Applications for our next cohort of Community Science Fellows and Community Leaders are open until 1 March 2021!
Image courtesy of Rhonda Berry
The Challenge
Our City Forest was formed in part as a result of research documenting the benefits of the urban forest, and has worked to plant trees in under-resourced communities in and around San José to offset the impacts of climate change on air quality, human health, and other environmental factors. The human health benefits of increased canopy cover are well-established, and there has been substantial research investigating the interactions between canopy cover and factors such as air quality and urban heat islands.
Across the San José metropolitan area, air quality, canopy cover, and other environmental factors vary significantly from neighborhood to neighborhood. The short- and long-term consequences of living and working in areas of poor air quality and within urban heat islands are well-known; however, in order to understand how these varying environmental conditions impact neighborhoods differently throughout urban communities, the environmental and human health data must be available at the neighborhood scale.
The goal of this project is to establish what information already exists for this area and ensure that this baseline data is accessible in a centralized location. That baseline data can then be used to explore the relationships between canopy cover, air pollution, and human health outcomes, and to communicate those relationships to both local communities and municipal government. The process of gathering data and preliminary data exploration may identify data gaps (e.g. an uneven distribution of air quality sensors) that could be addressed in future studies.
Project Outputs
o Compile existing datasets
o Create preliminary data summary
o Create data exploration tool
o If there is sufficient data, conduct a more quantitative analysis of the existing data
o If there is not sufficient data, create a report of data gaps and/or write up project proposal to fill those gaps
Community Leadership
Rhonda Berry, CEO, Our City Forest, San José, CA
Rhonda Berry is the founder and executive leader of Our City Forest, an innovative urban forestry nonprofit serving San José/Santa Clara County since 1994. She has a B.A. in social work from U.C. Berkeley, and has completed two years of coursework for a Masters in Urban and Regional Planning. She has been a community organizer, nonprofit administrator, public administrator, and environmental leader.

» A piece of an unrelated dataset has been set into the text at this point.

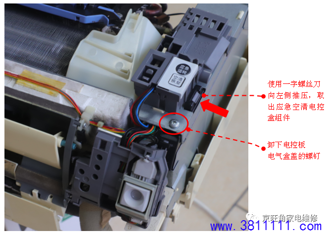 5.空清电控板和电控盒盖拆卸。拆卸应急空清电控板和电控金属盒盖螺钉,便于取出整套电控板,如图6所示。
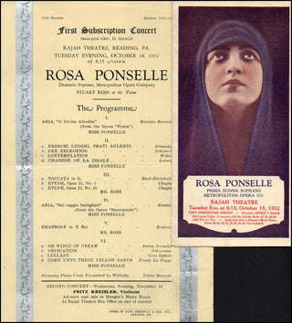 A fine pair of items from the great soprano: an original publicity brochure with photographs of Ponselle in some of her most celebrated roles, together with an original 1932 recital program. Brochure: 7.25 x 3.5 (18 x 9 cm). Program: 9.5 x 6.25 inches (24 x 15.9 cm).

Her lifelong passions include race and gender equity, protection of endangered species, environmental stewardship, and social justice, interests which have shaped the work of Our City Forest.
In 2017, Our City Forest was awarded the Senator Harkin Award for Outstanding Community Service, one of only two nonprofits in the country to receive this honor. Rhonda was honored as a Woman of Influence by the Silicon Valley Business Journal in 2015, and received the YWCA Silicon Valley Tribute to Women Award in 2019. Rhonda is proudest of being the mother of a courageous and amazing daughter who has become a fierce social justice advocate herself.
Thriving Earth Exchange Community Science Fellow
Leah Nagel, Thriving Earth Exchange Community Science Fellow
Leah Nagel is an aquatic ecologist, spatial data analyst, and community science enthusiast working as a Geospatial Specialist with the Center for Watershed Sciences at the University of California, Davis. Her research interests include amphibian ecology, wetland restoration, and using geospatial data to inform conservation at multiple spatial scales. She has previously worked on projects using citizen science in both research-focused and informal education settings. Leah holds an M.Sc. in Ecology from the State University of New York’s College of Environmental Science and Forestry and a B.A. from Middlebury College.
Desired skills and qualifications:
Thriving Earth Exchange asks all scientific partners to work with the community to help define a project with concrete local impact to which they can contribute as pro-bono volunteers and collaborators. This work can also position the scientists and communities to seek additional funding, together, for the next stage.